_PROMPT_
Copy word for word the lines of the records below, beginning at the one with "Ученица нашей школы" and finishing at the one with "The Sentry 2G2500", ends included, but none of the pictures.

_DATA TO EXAMINE_
=-=-=

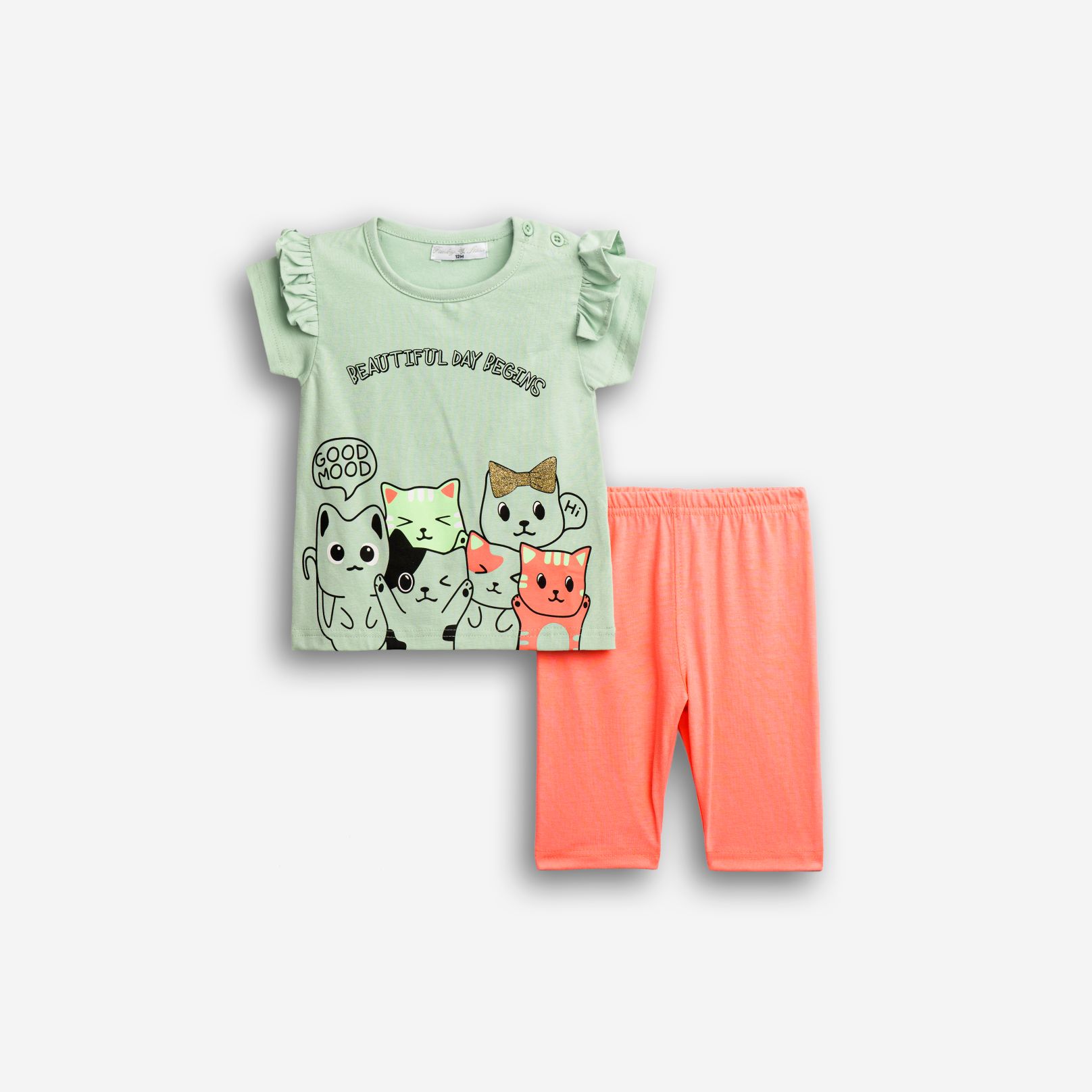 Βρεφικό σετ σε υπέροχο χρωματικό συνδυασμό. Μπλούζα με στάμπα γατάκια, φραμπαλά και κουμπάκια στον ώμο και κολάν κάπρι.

=-=-=

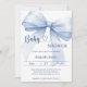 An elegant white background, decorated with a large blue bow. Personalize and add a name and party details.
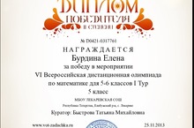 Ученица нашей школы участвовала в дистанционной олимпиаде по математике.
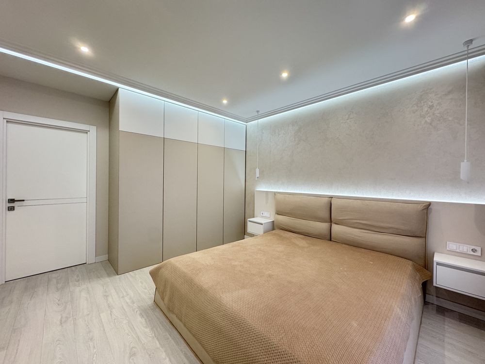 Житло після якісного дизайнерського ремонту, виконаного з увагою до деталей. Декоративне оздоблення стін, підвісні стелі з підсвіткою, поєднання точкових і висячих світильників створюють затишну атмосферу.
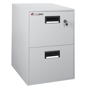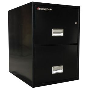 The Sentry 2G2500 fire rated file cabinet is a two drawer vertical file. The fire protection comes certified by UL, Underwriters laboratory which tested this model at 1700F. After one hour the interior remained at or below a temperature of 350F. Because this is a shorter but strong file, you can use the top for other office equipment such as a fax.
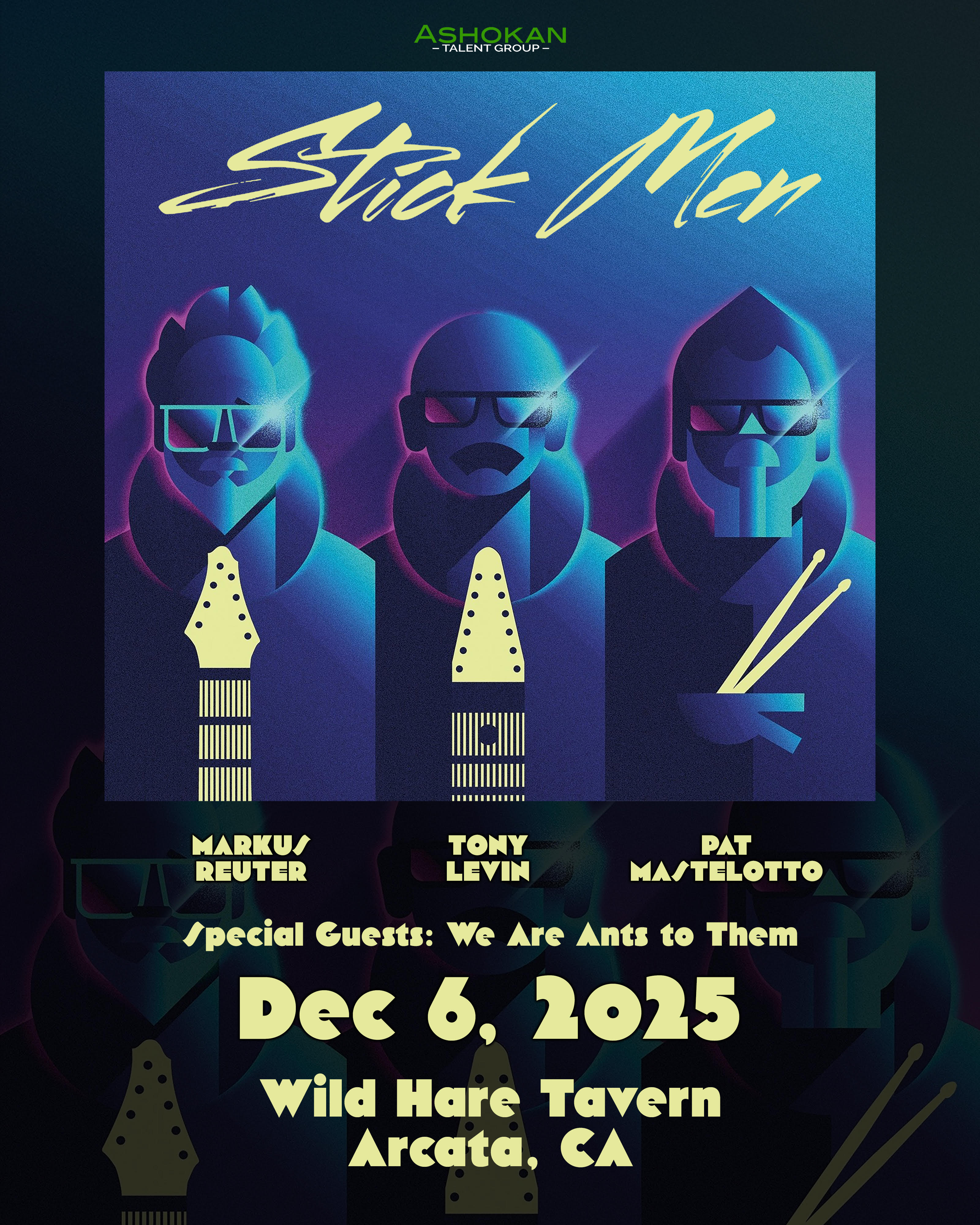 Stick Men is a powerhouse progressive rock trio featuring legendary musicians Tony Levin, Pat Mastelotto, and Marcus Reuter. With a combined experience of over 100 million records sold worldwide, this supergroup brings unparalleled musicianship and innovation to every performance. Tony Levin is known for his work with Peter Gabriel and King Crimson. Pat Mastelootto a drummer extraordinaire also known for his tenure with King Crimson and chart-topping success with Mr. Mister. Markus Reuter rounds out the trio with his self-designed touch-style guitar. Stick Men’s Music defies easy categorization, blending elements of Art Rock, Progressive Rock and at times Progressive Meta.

=-=-=

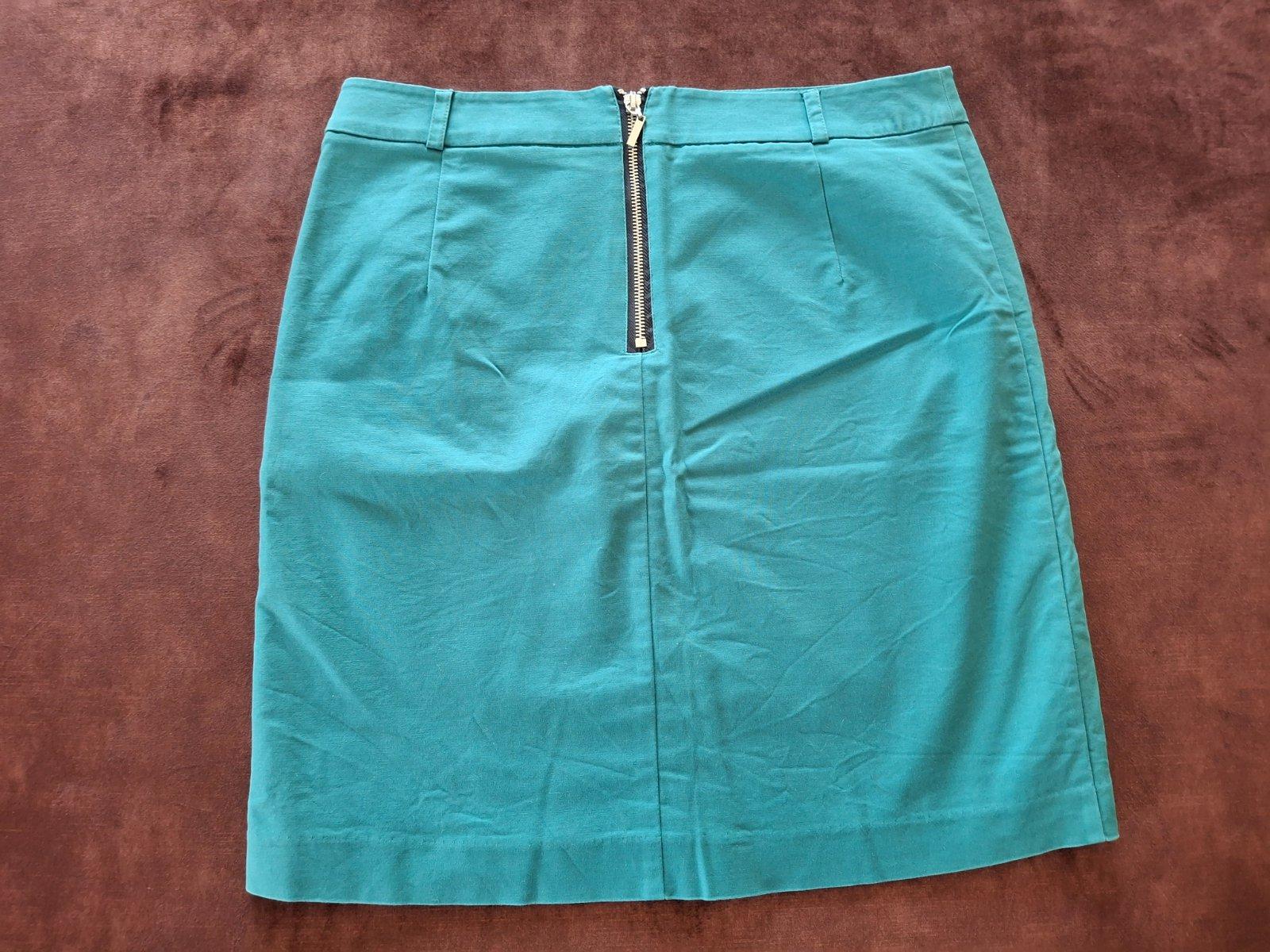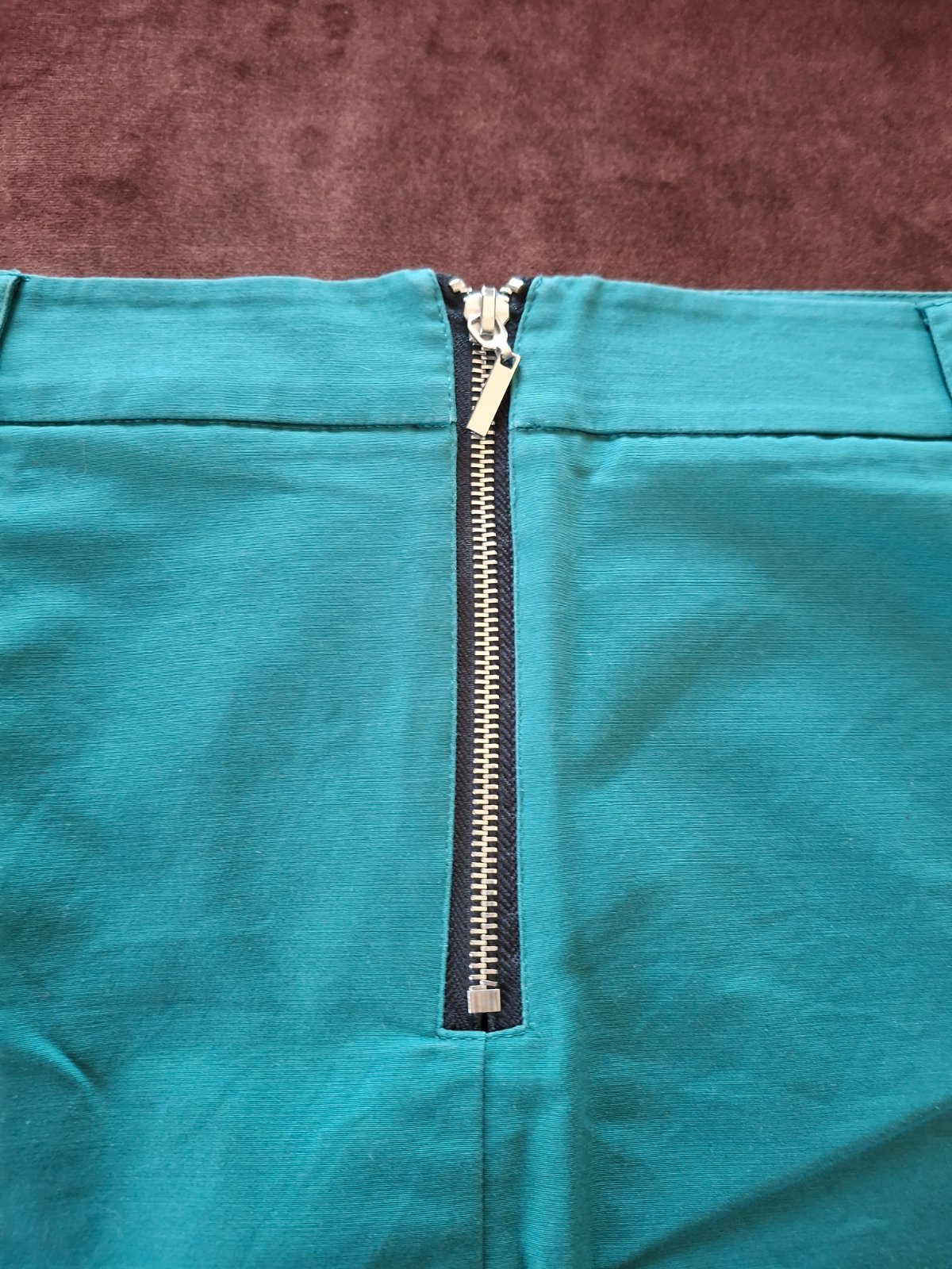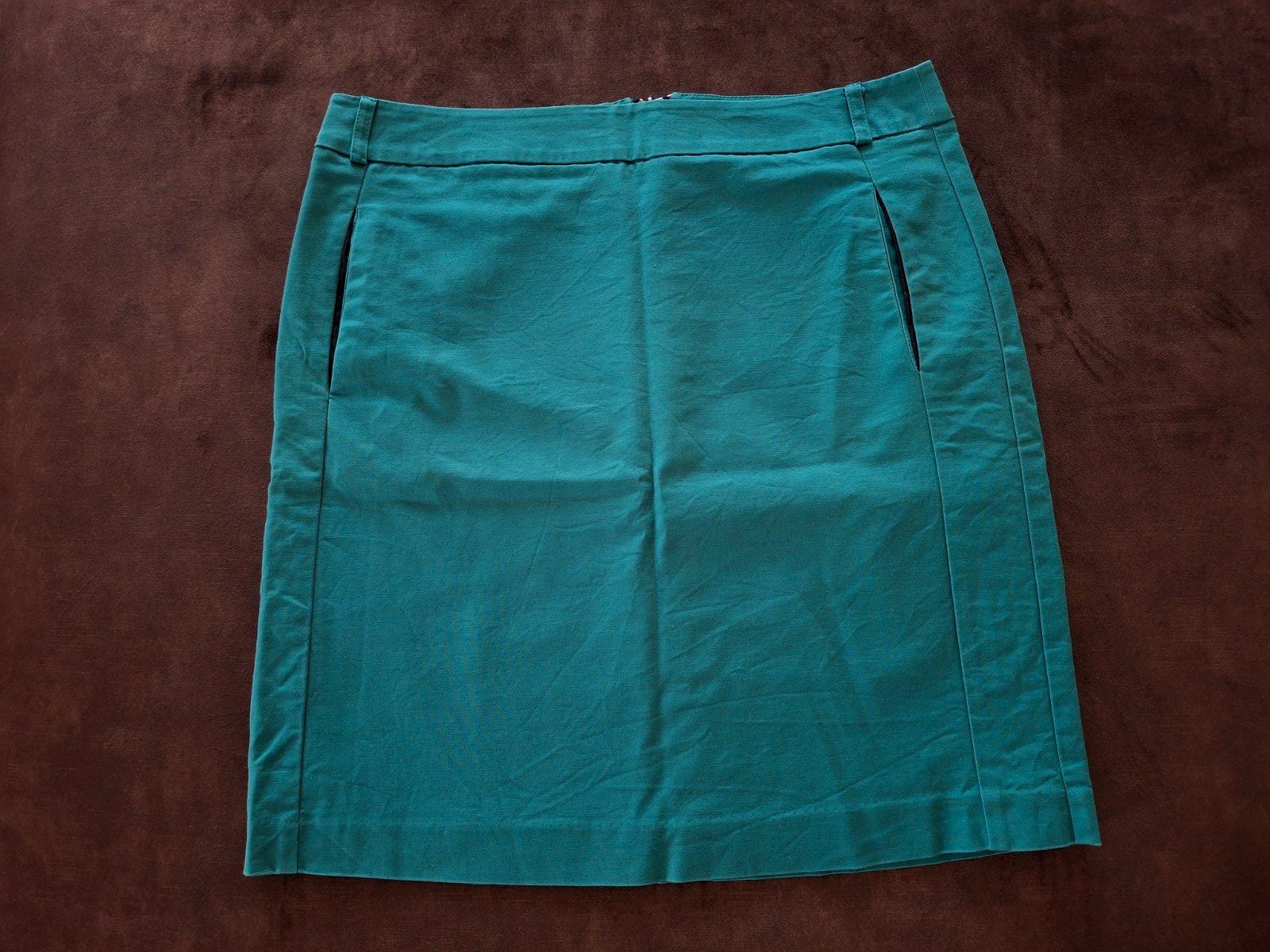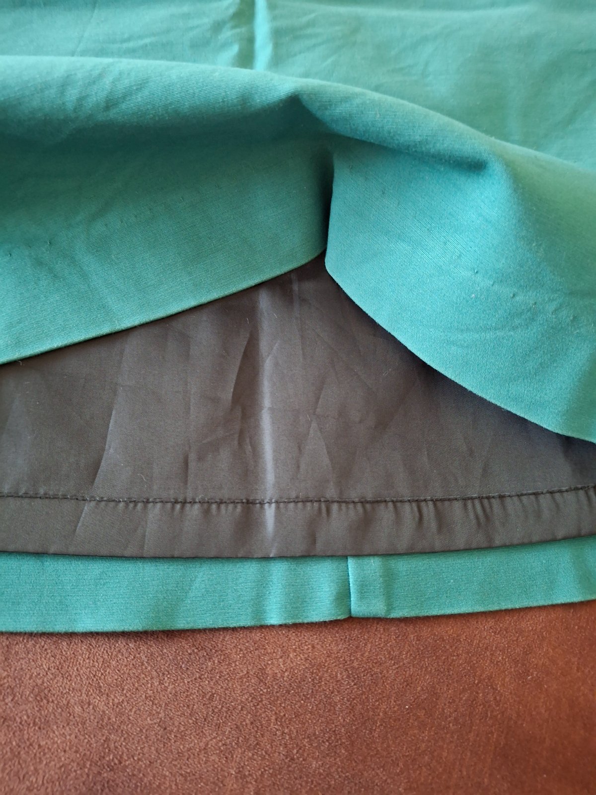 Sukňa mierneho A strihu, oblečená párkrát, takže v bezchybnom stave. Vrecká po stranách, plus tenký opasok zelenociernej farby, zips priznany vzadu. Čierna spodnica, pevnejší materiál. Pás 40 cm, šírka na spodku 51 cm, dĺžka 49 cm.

=-=-=

_ANSWER TO THIS EXERCISE_
 Ученица нашей школы участвовала в дистанционной олимпиаде по математике.
 Житло після якісного дизайнерського ремонту, виконаного з увагою до деталей. Декоративне оздоблення стін, підвісні стелі з підсвіткою, поєднання точкових і висячих світильників створюють затишну атмосферу.
 The Sentry 2G2500 fire rated file cabinet is a two drawer vertical file. The fire protection comes certified by UL, Underwriters laboratory which tested this model at 1700F. After one hour the interior remained at or below a temperature of 350F. Because this is a shorter but strong file, you can use the top for other office equipment such as a fax.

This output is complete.